Woke up at 3 am and ate 600 calories and started getting ready.
Swim was ok. I guess I'm always surprised by how competitive the big races are. I'm used to coming out of the water without being bumped around much. I was knocked around a ton during this swim, but just stuck with it. I do not like having a full sleeved suit. It made my delts very tired. I estimated a 1:05 and nailed it on the head.
Took your advice and walked up the helix. Well, my PE was so low, I ran about half of it. T1 was a cake walk. It is amazing how much clearer your mind is during a race when your heart isn't in your throat. I was the lone racer to get a doofus bike handler. I had to go unrack my own bike because this guy was clueless. No worries, though. It's a long race.
The Powertap didn't work at all during the first half hour or so. I thought I was going to have to race without it. It picked up nothing (except speed) or unfathomably low wattage for an eternity. I just let it keep trying and finally it jumped up from 0 to 6 watts to around 180. That kind of scared me a bit. Had on a Suunto HR monitor just in case.
I went at the higher end of the prescribed wattage for most of the first loop. The flatter parts were exactly like the hills around my house and the hilly parts were exactly like the hills I trained on at the Farm in East Texas. I remember hearing several people lamenting that the hills were big or tough or even "scary". This actually cracked me up. Who cares about how bad the hills are? Wattage meters are the great equalizer. You do what you do and you get what you get. Stay within your wattage so you can run. I also went out on the bike course and checked out the surface before the race.
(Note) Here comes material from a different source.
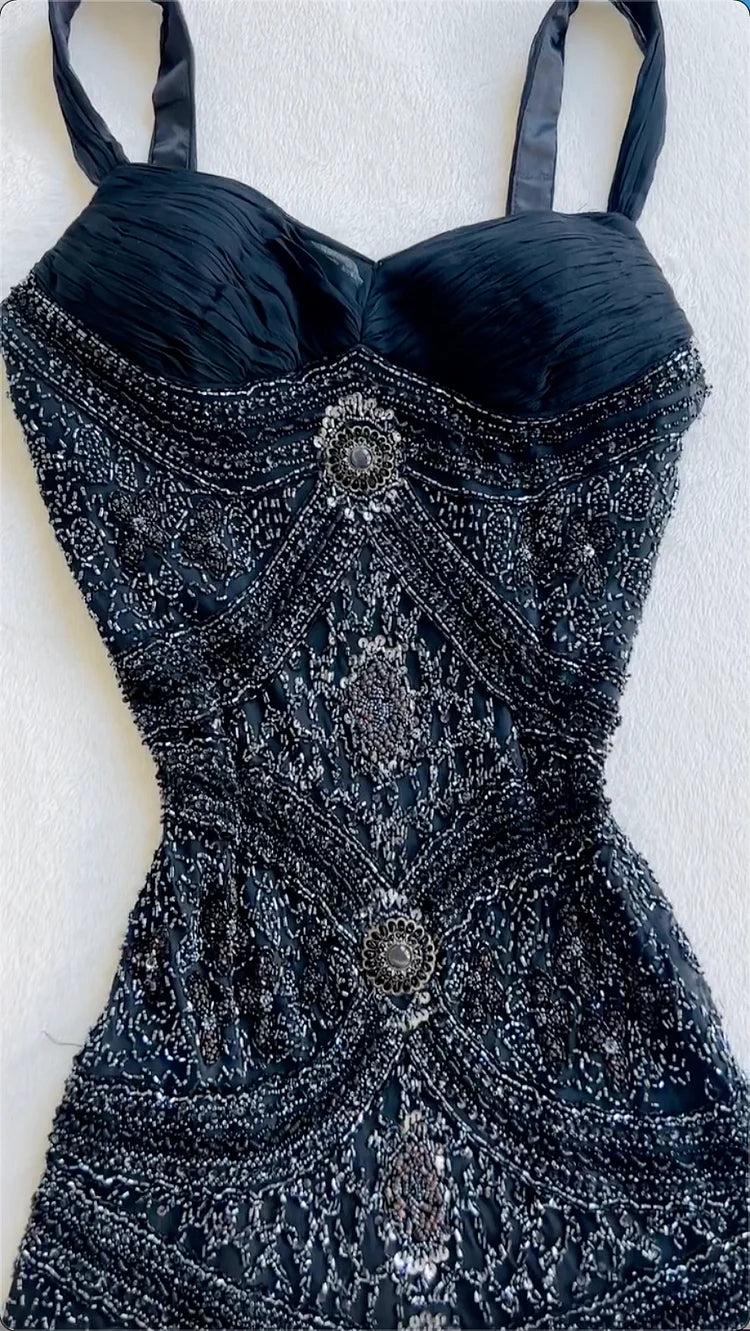 Women's Elegant Sequin Maxi Evening Dress - Black

I didn't care about the hills so much as knowing how dangerous the hard turns are and I felt the surface every so often with my bare feet to get an idea of how high to run my PSI. The answer: very high. This course was mostly smoooooooooth.
So I'm bombing down the first big hill in the mid 40's when my contact pops out of my left eye. I am very poor sighted (-3.75) and I instantly lost all depth perception. Lose the other one and my race is over. I scaled back the effort level just a fraction on the descents for safety's sake after that. I kept chugging up the hills at around 220 to 250 watts (threshold is 270) and coasting most of the downhills. I smiled to myself as I saw other racers screaming up the hills and blowing themselves up. I kept catching them later on the flats as their tongues were hanging out and I looked like I'd just hopped on the bike for a ride to the grocery store.
On the second lap, I popped a vivarin to help me breathe on the hills and that's also when I went into "cruising mode". I felt great, but had been definitely running at the top end of my abilities. I concluded that I could just switch gears and roll along and have fun, saving myself for whenever Jetpack caught up with me. I knew that if he ever caught me, he would have been going harder and I would be going easier, and I could just save myself for the run. I was also able to crack 250 watts on any climb at any time and ride the flats at 180 all the way till the end of the bike, so I knew I had what it took to keep up with my competition if necessary. This was in contrast to my power fading at the end of the longer training rides. I had this bike race by the nuts and I knew it. Pulled over twice to pee.
Started out running fine. Having only one eye wasn't anywhere near as dangerous on the run as it was on the bike. After an hour or so, my stomach started to bother me. Then the HR started dropping and I knew that was a bad sign. I went for straight water for a while and also noticed that I hadn't peed in a while either. Reports started coming in that I had thirty minutes to an hour on Jetpack, so I just kept rolling and tried to keep taking in water so that I wasn't dehydrated anymore. I started run walking 4:1 ratio right from the beginning and loved it. When I felt bad, I did about a 3.5:1.5 ratio and also walked the steeper hills. I kept telling myself that there are many highs and many lows in an IM, and this was just a low and it will go away if I take care of my nutrition. I began to feel better and was back on the 4:1 and running the hills for the last hour or so of the race. I got word that Jetpack was half an hour back with only 6 miles to go.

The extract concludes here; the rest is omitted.